また近年は3、4歳からの治療が注目されるようになりました。症状が重い人や、遺伝性の方は3、4歳から機能的装置(ムーシールド、プレオルソ、ビムラー装置)を使った方が良いケースもあります。軽症の方でも、3、4歳からの治療で改善し、その後の治療が不要になる方もいます。ご心配な方は早めのご相談をお勧めします。 -
遅くても、小4(9歳〜10歳)には治療を開始しましょう
小学3~4年生は、低学年に比べれば治療の効果は高くありませんが、まだまだ顎整形力(Orthopedic Force)の効果がでる時期です。当院でも、9歳(小4)から上顎前方牽引装置(フェイスマスク)を装着し、十分に骨格の改善ができたケースもあります。ただし思春期が始まる前までの治療期間が少ないため、正常なバランスになるまで治療が続けられないこともあります。
小学5~6年生以降では上顎前方牽引装置(フェイスマスク)の効果が少ないため、治療の効果が十分にでない場合もあります。他の方法(デンタルコンペンテーションなど)をご相談する場合もありますが、それ以降の年齢で矯正治療を行うよりは、まだまだ治療の手段が多くあります。
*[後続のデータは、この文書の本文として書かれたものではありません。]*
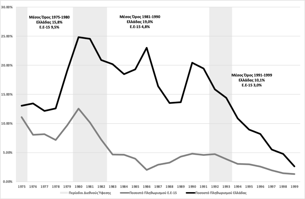 Διαφορά Πληθωρισμού Ελλάδος-Χωρών ΟΟΣΑ, 1975-1999

まずは気がついた時に一度ご相談ください。そのときそのときで、最善の治療方法を見つけていきたいと思います。
【 治療しない場合のリスク 】
小児の反対咬合を治療しないままだと、見た目と機能が悪くなり、治療も困難になり、以下のような状態になる可能性が高いです。できるだけ小学校1年までにご相談ください。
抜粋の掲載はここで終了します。